CLAs look good, thanks!

ℹ️ Googlers: Go here for more info.

google-cla · 2021-03-16T17:52:03Z

CLAs look good, thanks!

ℹ️ Googlers: Go here for more info.

davmre · 2021-03-16T19:14:36Z

tensorflow_probability/python/experimental/bijectors/highway_flow.py

+ name=name)
+
+ self.width = width
+ self.W = tf.Variable(np.random.normal(0, 0.01, (self.width, self.width)), trainable=True, dtype=tf.float32)


In TFP classes we generally assume that __init__ is a lightweight method that has no 'graph side effects', meaning that it doesn't create any new Tensors or tf.Variables. This is nice because it means it's always cheap to construct an instance, but it does put some constraints on designs.

Another TFP convention (#6 in the style guide: https://github.com/tensorflow/probability/blob/master/STYLE_GUIDE.md) is that we prefer to use descriptive, plain-English names in place of mathematical notation, even if doing so makes the code painfully verbose. For example, we'd prefer weights rather than W, bias rather than b, diagonal (or similar) rather than d, residual_fraction (or similar) rather than lambda, etc. This makes it easier for a future reader or maintainer of this code (who might not have full mathematical context) to glance at a line of code and at least have some idea of what's going on. (if needed, we can also add a comment to describe the math specifically).

Here I'd suggest that the bijector __init__ could have a signature along the lines of __init__(self, weights, bias, diagonal_elements, unconstrained_residual_fractions, activation_fn=tf.nn.sigmoid, validate_args=False, name='tri_res_net'), where we pass in the variables explicitly using descriptive names (it'd also be nice to accept arbitrary activation functions or None, rather than just sigmoid, though that's not essential for a first pass).

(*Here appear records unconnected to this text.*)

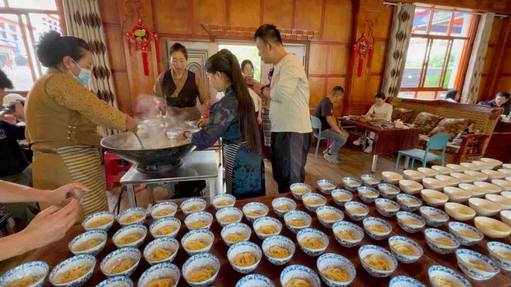 “目前店里纪录保持在147碗。”在纳西民族乡经营果拉丛农家乐的果拉卓玛说,“但生活再好也不能浪费。我们会提醒客人,如果吃饱了,只需用筷子在碗上搭出尖尖,就会停止加面;但对于不搭筷子的客人,我们还会再劝一碗。”
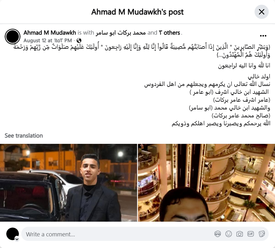 And my maternal uncle's martyr Muhammad (Abu Samer)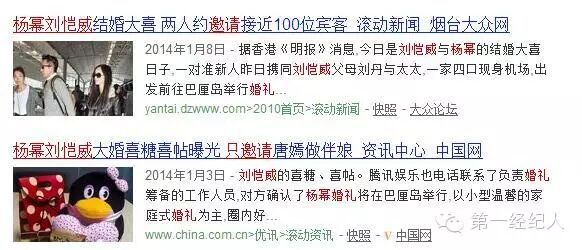 而在刘恺威的主页搜索杨幂,虽然结果多一点,但也只有7条而已……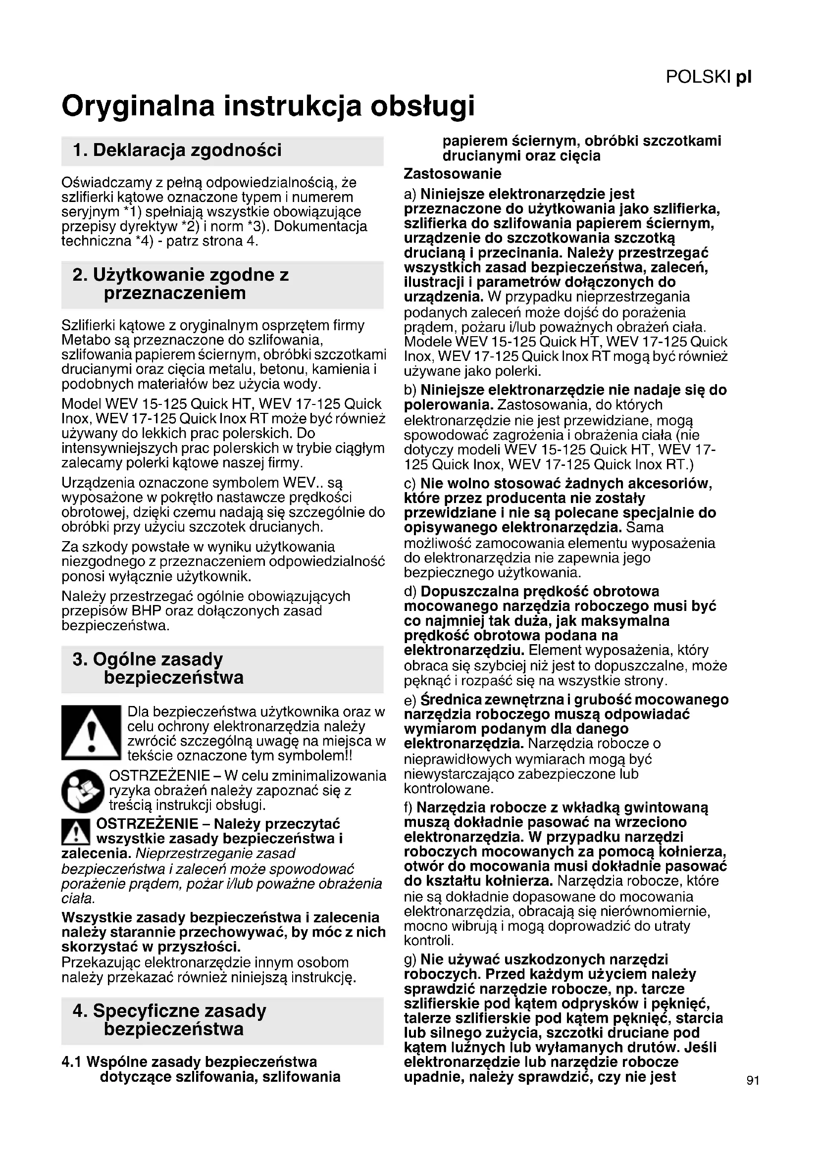 Oryginalna instrukcja obsługi Oświadczamy z pełną odpowiedzialnością, że szlifierki kątowe oznaczone typem i numerem seryjnym *1) spełniają wszystkie obowiązujące przepisy dyrektyw *2) i norm *3). Dokumentacja techniczna *4) - patrz strona 4. Szlifierki kątowe z oryginalnym osprzętem firmy Metabo są przeznaczone do szlifowania, szlifowania papierem ściernym, obróbki szczotkami drucianymi oraz cięcia metalu, betonu, kamienia i podobnych materiałów bez użycia wody. Model WEV 15-125 Quick HT, WEV 17-125 Quick Inox, WEV 17-125 Quick Inox RT może być również używany do lekkich prac polerskich. Do intensywniejszych prac polerskich w trybie ciągłym zalecamy polerki kątowe naszej firmy. Urządzenia oznaczone symbolem WEV.. są wyposażone w pokrętło nastawcze prędkości obrotowej, dzięki czemu nadają się szczególnie do obróbki przy użyciu szczotek drucianych. Za szkody powstałe w wyniku użytkowania niezgodnego z przeznaczeniem odpowiedzialność ponosi wyłą cznie użytkownik. Należy przestrzegać ogólnie obowiązujących przepisów BHP oraz dołączonych zasad bezpieczeństwa. Dla bezpieczeństwa użytkownika oraz w celu ochrony elektronarzędzia należy zwrócić szczególną uwagę na miejsca w tekście oznaczone tym symbolem!! OSTRZEŻENIE – W celu zminimalizowania ryzyka obrażeń należy zapoznać się z treścią instrukcji obsługi. OSTRZEŻENIE – Należy przeczytać wszystkie zasady bezpieczeństwa i zalecenia. Nieprzestrzeganie zasad bezpieczeństwa i zaleceń może spowodować porażenie prądem, pożar i/lub poważne obrażenia ciała. Wszystkie zasady bezpieczeństwa i zalecenia należy starannie przechowywa ć, by móc z nich skorzystać w przyszłości. Przekazując elektronarzędzie innym osobom należy przekazać również niniejszą instrukcję.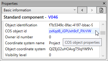 COS object id – Link opens the Object Properties dialog for the selected object.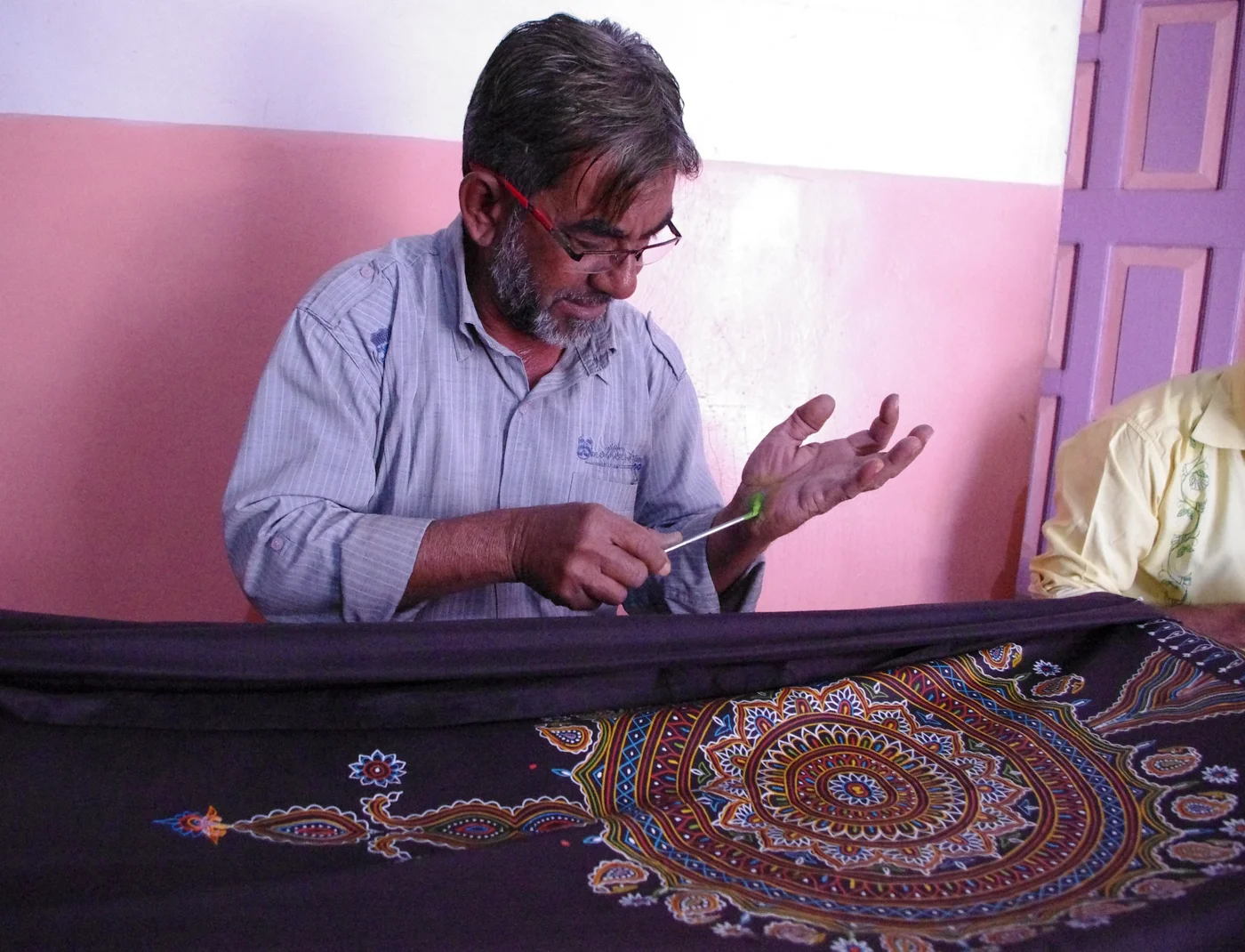 In a small village in western India, members of the Khatri community spend almost every day sitting in their workshop, bent over a piece of cloth, with a needle in one hand and a thick mass of colour on the palm of the other.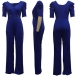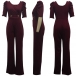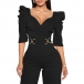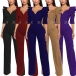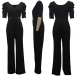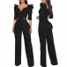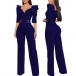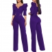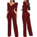 Sexy Solid Color V-neck Puff Elbow Sleeve Wide-leg Jumpsuit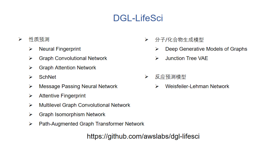 基于DGL我们也做了一些小分子上面常用模块的支持。这里有一个DGL-Life Sci,它是对性质预测、分子生成、反应预测的模型有些内置的支持。我们想的一个事情是,有些用户可能想试一试,但又不愿意花很大时间精力去学习,比如说机器学习、编程或者图神经网络,那我们可以提供比较好的界面,可以让用户直接处理好某种格式的数据,他就可以直接调用这些命令行去做训练和建模。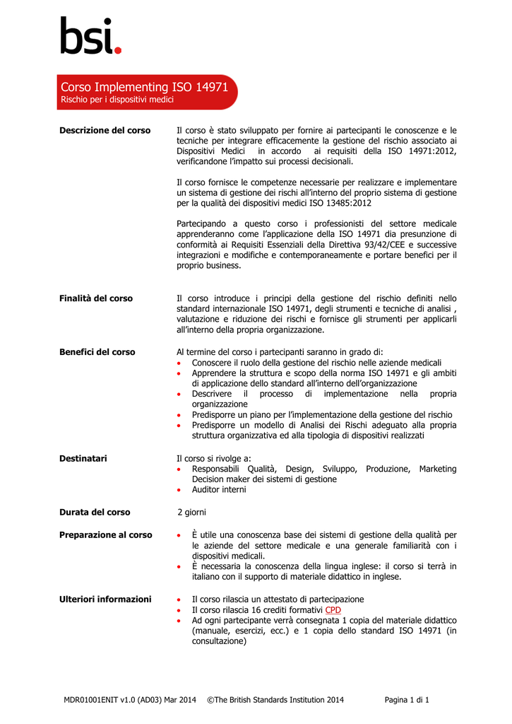 Corso Implementing ISO 14971 Rischio per i dispositivi medici Descrizione del corso Il corso è stato sviluppato per fornire ai partecipanti le conoscenze e le tecniche per integrare efficacemente la gestione del rischio associato ai Dispositivi Medici in accordo ai requisiti della ISO 14971:2012, verificandone l’impatto sui processi decisionali. Il corso fornisce le competenze necessarie per realizzare e implementare un sistema di gestione dei rischi all’interno del proprio sistema di gestione per la qualità dei dispositivi medici ISO 13485:2012 Partecipando a questo corso i professionisti del settore medicale apprenderanno come l’applicazione della ISO 14971 dia presunzione di conformità ai Requisiti Essenziali della Direttiva 93/42/CEE e successive integrazioni e modifiche e contemporaneamente e portare benefici per il proprio business. Finalità del corso Il corso introduce i principi della gestione del rischio definiti nello standard internazionale ISO 14971, degli strumenti e tecniche di analisi , valutazione e riduzione dei rischi e fornisce gli strumenti per applicarli all’interno della propria organizzazione. Benefici del corso Al termine del corso i partecipanti saranno in grado di: • Conoscere il ruolo della gestione del rischio nelle aziende medicali • Apprendere la struttura e scopo della norma ISO 14971 e gli ambiti di applicazione dello standard all’interno dell’organizzazione • Descrivere il processo di implementazione nella propria organizzazione • Predisporre un piano per l’implementazione della gestione del rischio • Predisporre un modello di Analisi dei Rischi adeguato alla propria struttura organizzativa ed alla tipologia di dispositivi realizzati Destinatari Il corso si rivolge a: • Responsabili Qualità, Design, Sviluppo, Decision maker dei sistemi di gestione • Auditor interni Durata del corso 2 giorni Preparazione al corso • • Ulteriori informazioni • • • Produzione, Marketing È utile una conoscenza base dei sistemi di gestione della qualità per le aziende del settore medicale e una generale familiarità con i dispositivi medicali. È necessaria la conoscenza della lingua inglese: il corso si terrà in italiano con il supporto di materiale didattico in inglese. Il corso rilascia un attestato di partecipazione Il corso rilascia 16 crediti formativi CPD Ad ogni partecipante verrà consegnata 1 copia del materiale didattico (manuale, esercizi, ecc.) e 1 copia dello standard ISO 14971 (in consultazione) MDR01001ENIT v1.0 (AD03) Mar 2014 ©The British Standards Institution 2014 Pagina 1 di 1

To clarify re taking variables as __init__ arguments: of course variables need to be created somewhere, but we'd probably move that to a wrapper function, which could have a signature close to what you have here. Something along the lines of:

def build_highway_flow_layer(width, activation): return TriResNet( weights=tf.Variable(np.random.normal(0, 0.01, (width, width)).astype(tf.float32)), bias=tf.Variable(np.random.normal(0, 0.01, (width,)).astype(tf.float32)), ..., activation=activation)

emilyfertig

Hi Gianluigi -- Thanks for the PR, this looks like a great start! I left some initial comments.

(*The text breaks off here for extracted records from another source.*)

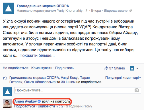 Представники Громадянської мережі ОПОРА написали заяву до міліції, надали фото- і відеодокази, які відновили, номерний знак мікроавтобуса. Цікаво, що один із нападників (той, хто почав бити першим) представився бійцем батальйону «Айдар». Майже на кожній зустрічі з виборцями або заході, який організовує кандидат Віктор Кондратенко, його супроводжують айдарівці. Яка їхня функція на заходах - невідомо.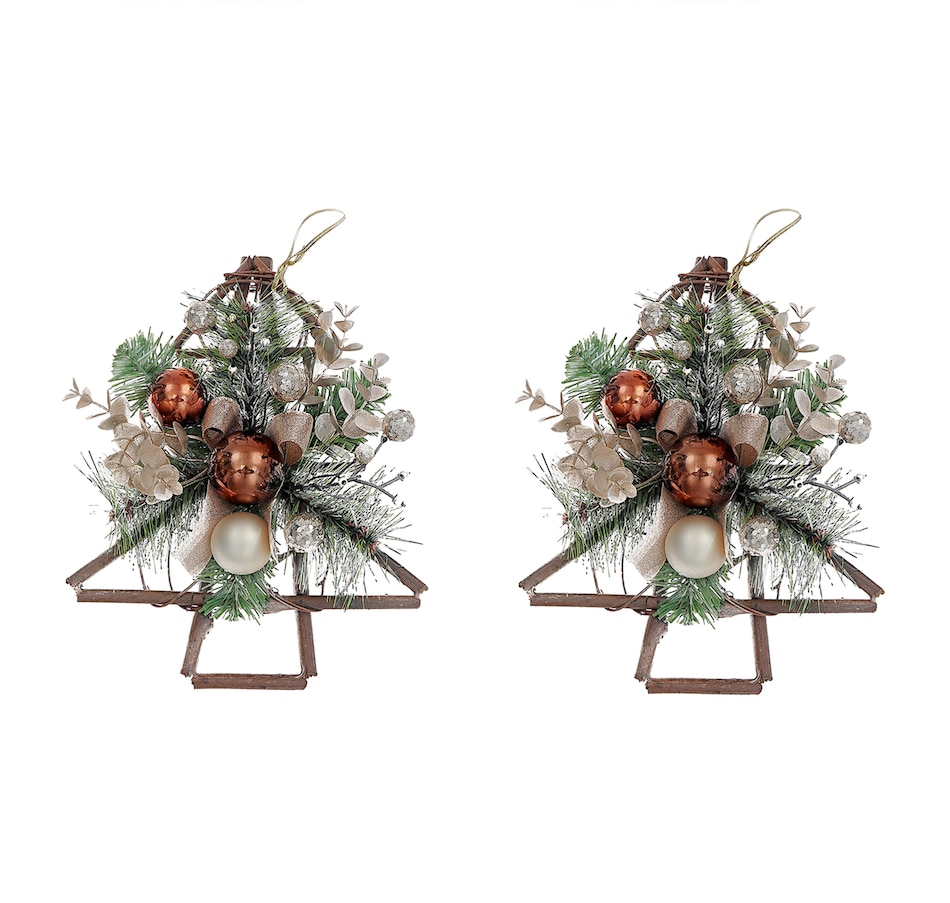 • IH Casa Décor 12" Rattan Tree Pine Hanging Décor (set of 2)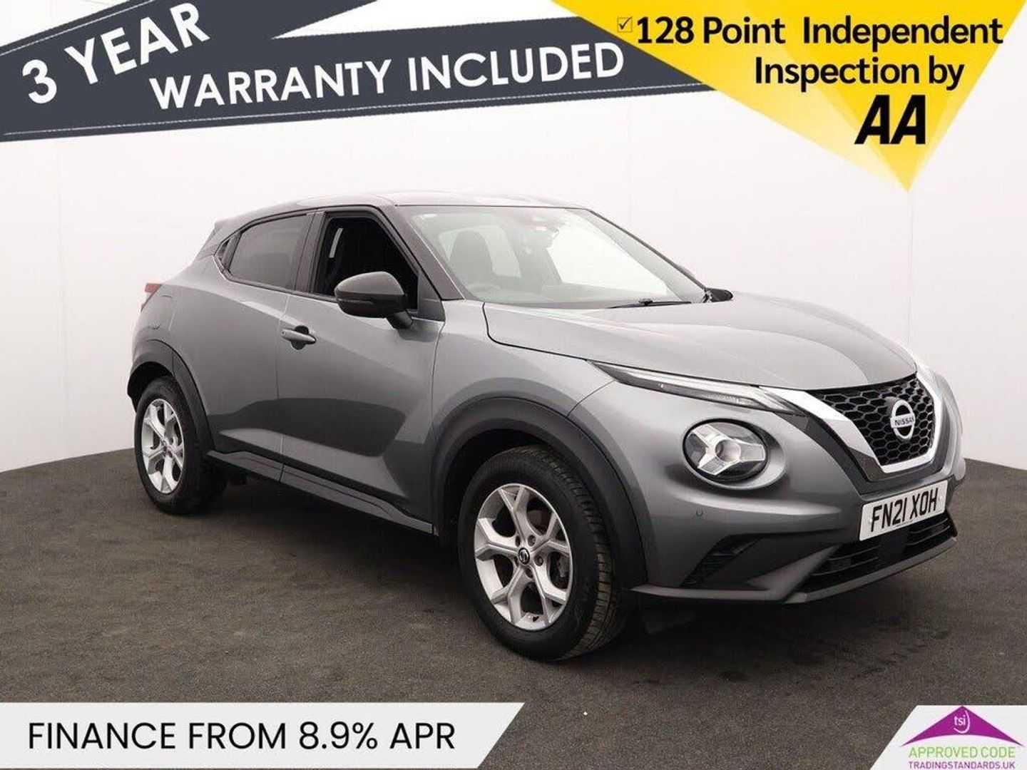 With only one previous owner and very low mileage for its age at 11082 miles, this 2021 Nissan Juke 1.0L Petrol DIG-T N-Connecta is a fantastic find. The N-Connecta trim comes equipped with an Intelligent Key with Start Push Button, including keyless entry for added convenience. Manoeuvring is made easy with the rear parking camera, which includes parking assistance. Stay comfortable with automatic air conditioning and climate control, and enjoy enhanced visibility with LED headlights. The vehicle is equipped with both Android Auto and Apple CarPlay, ensuring seamless smartphone integration. With it's valid MOT, this Euro 6 emission class vehicle is ready for the road. The fuel economy of 49 mpg and low CO2 emissions mean that this vehicle is more efficient than other similar vehicles. Oakwood Motor Company are an established family run dealership, home of the best used cars in Bury! We have hundreds of cars currently in stock from all your favourite brands including our specialist selection of Audi VW Group vehicles. Our fantastic rates are available on both HP and PCP finance, and we have extended warranties available for up to 3 years for complete peace of mind. Our experienced sales team are on hand to help you every step of the way, so give us a call today to reserve your new car with a refundable £100 deposit. Visit our used car dealership in Bury! We take all reasonable steps to ensure the accuracy of the information supplied in our advertising materials, however on occasion errors may occur. Images used are for illustrative purposes only. Please ensure you take the time to fully inspect your vehicle for specification/features which are important to you, and raise any queries with your Sales Executive.

emilyfertig · 2021-03-16T18:31:36Z

tensorflow_probability/python/experimental/bijectors/highway_flow.py

+ def __init__(self, width, activation=True, validate_args=False, name='tri_res_net'):
+ super(TriResNet, self).__init__(
+ validate_args=validate_args,
+ forward_min_event_ndims=0,


'forward_min_event_ndims' refers to the minimum rank of the input (or the difference in rank between the input and the output of log_det_jacobian). Here, if I understand correctly, the minimum input rank is 1 (a vector) and the LDJ is a scalar, so this should be 1.

emilyfertig · 2021-03-16T18:32:24Z

tensorflow_probability/python/experimental/bijectors/highway_flow.py

+ name=name)
+
+ self.width = width
+ self.W = tf.Variable(np.random.normal(0, 0.01, (self.width, self.width)), trainable=True, dtype=tf.float32)

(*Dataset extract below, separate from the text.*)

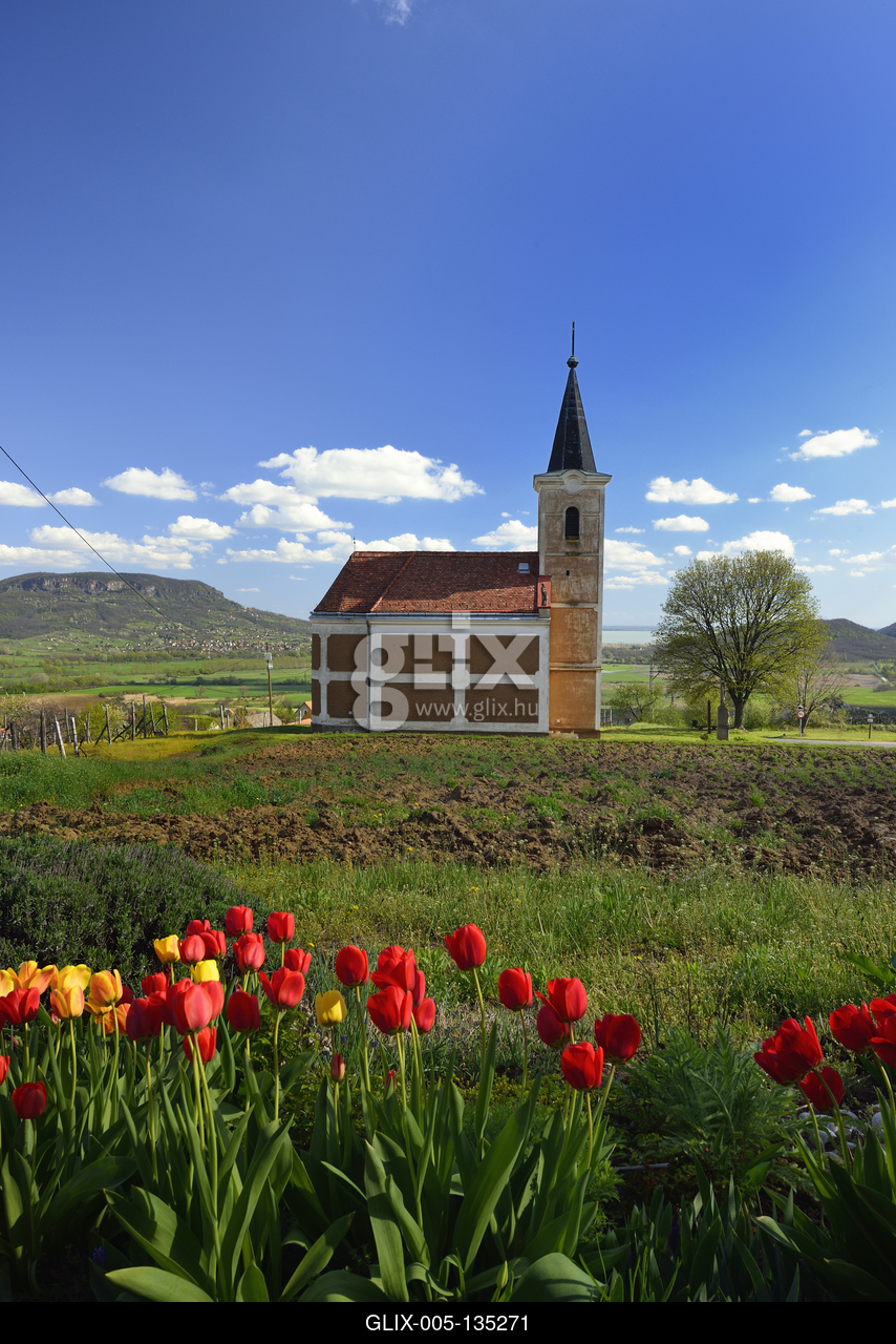 A Lengyel kápolna a Szent György hegyen. Háttérben a Badacsony.

Could you use more descriptive variable names? E.g. weights, bias, convex_update instead of w, b, cu

emilyfertig · 2021-03-16T18:37:10Z

tensorflow_probability/python/experimental/bijectors/highway_flow.py

+ self.masku = tfe.numpy.tril(tf.ones((self.width, self.width)), -1)
+ self.maskl = tfe.numpy.triu(tf.ones((self.width, self.width)), 1)
+
+ def get_l(self):


tfp.util.TransformedVariable could be useful here. Instead of defining pre_l in the constructor and applying get_l to transform it, you could define prior_weight = tfp.util.TransformedVariable(initial_value=np.random(...), bijector=tfb.Sigmoid()) in the constructor and just refer to that (here, naming the lambdas prior_weight as we did in build_asvi_surrogate_posterior. TransformedVariable defers the transformation so as not to break gradients.

Update after reading Dave's comment: It could also work to pass predefined TransformedVariables into the constructor (or just not use them, if you and he prefer) -- e.g. we could add a factory function that creates the TransformedVariables and builds the bijector with the lighter-weight constructor. (For some more complex bijectors -- e.g. tfb.Glow -- we do define variables in the constructor, so that might also be something we could consider.)

emilyfertig · 2021-03-16T18:47:18Z

tensorflow_probability/python/experimental/bijectors/highway_flow.py

+ def get_l(self):
+ return tf.nn.sigmoid(self.pre_l)
+
+ def get_L(self):


Again, TransformedVariable could help simplify the definition of L and U. Take a look at the FillScaleTril bijector: https://www.tensorflow.org/probability/api_docs/python/tfp/bijectors/FillScaleTriL?version=nightly

That should let you define L and U in the constructor with TransformedVariable, and also allow you to define only as many variable degrees of freedom as you need for the triangular portion, instead of defining width^2 and masking them.

It also lets you apply a bijector to the diagonal to ensure that it's positive (Softplus is used by default.) (Doing it this way would mean you have trainable, nonzero diagonals for both L and U, and it looks like the current implementation has ones on the diagonal of L -- this strikes me as a reasonable change, but if you want to use TransformedVariable + FillScaleTril and keep the ones on the diagonal, we can think through how best to do that)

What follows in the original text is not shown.